What data exist on the criminal record composition of people detained by ICE before and after the 2025 enforcement surge?
Executive summary
Federal datasets released and analyzed by journalists and researchers show a dramatic shift in the criminal-record composition of people held by ICE in 2025: detention totals surged to record highs while the share and absolute number of detainees with no criminal convictions rose sharply, becoming the single largest category in ICE custody by mid‑to‑late 2025 [1] [2] [3].
1. What the raw government numbers say about the surge
ICE’s detention statistics document an unprecedented increase in the detained population in 2025, with mid‑December counts reported above 65,000–68,400 people and fiscal‑year totals tracked continuously by media outlets and watchdogs [1] [4] [3]; ICE’s public statistics pages and a formal data release covering arrests and detentions through Oct. 15, 2025 are the primary sources for this analysis [5] [6].
2. How composition changed: more people with no convictions
Multiple independent analyses of ICE’s data—published by The Guardian, The New York Times, Cato Institute analysts and others—find that since the enforcement escalation beginning in January 2025 the largest growth in detention has been among people with no recorded criminal convictions, and by late 2025 those without convictions constituted the largest single group in custody [2] [7] [8] [3].
3. Quantifying the shift: proportions, timing, and local snapshots
Reporters and researchers using ICE’s arrest/detention releases and datasets obtained through litigation show both rapid timing and sizable magnitude: analyses note that non‑convicted detainees rose from a minority earlier to a plurality or majority in 2025, with specific local facility tallies echoing the national trend—for example Honolulu bookings through mid‑October showed more detainees without convictions than with convictions or only pending charges in that sample [7] [6] [9].

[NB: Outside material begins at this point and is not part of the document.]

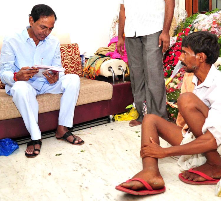 TRS chief, Telangana chief minister designate K Chandrasekhara Rao got busy even before assuming office. His residence here in Jubilee Hills flooded with scores of visitors and people. In this picture KCR going through a written appeal made by an aggrevied poor farmer on Wednesday.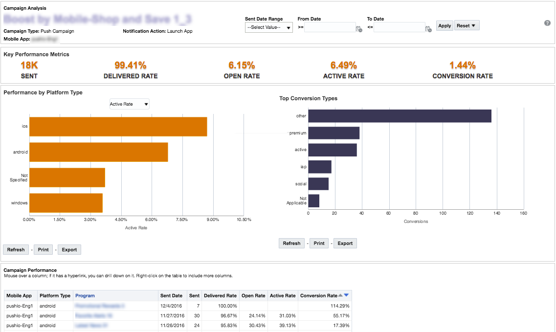 For Rich Push campaigns, you can analyze link clicks or clickthrough rates at an aggregate level by app or campaign.

4. Why the composition changed: policy drivers and operational tactics
Public reporting links the composition shift to new DHS/ICE directives to expand arrests—reports cite internal pushes for thousands of arrests per day and wider deployments of federal agents—which produced more “collateral arrests” and community raids that netted many people with no criminal convictions, amplifying interior enforcement beyond traditional jail pickups [2] [10].
5. Data limitations, classification issues, and competing interpretations
The available datasets are powerful but imperfect: ICE’s public tables and the Deportation Data Project release cover arrests and bookings through specific dates and sometimes conflate arresting agencies or omit certain DHS actions; researchers warn that distinctions between “no conviction,” “pending charges,” and foreign convictions or immigration-related civil violations complicate interpretation [6] [5] [10]. Analysts differ on emphasis—advocates and news outlets highlight the rise in non‑criminal detainees as evidence of indiscriminate enforcement [2] [3], while officials and some political actors stress that ICE detains people with various legal histories and cite national security/public‑safety rationales even as public data show the growth has been concentrated among non‑convicted cohorts [2] [5].
6. What the data do not (yet) show and what to watch next
Public releases through mid‑October and periodic ICE snapshots provide clear directionality but leave gaps: long‑term outcomes (removals vs. releases), the role of Border Patrol referrals versus ICE administrative arrests, and the granular criminal‑offense breakdown across the entire surge period are incompletely reported in public tables, meaning researchers must continue FOIA, litigation, and local record requests to fully map convictions, pending charges, and final dispositions [6] [10] [5].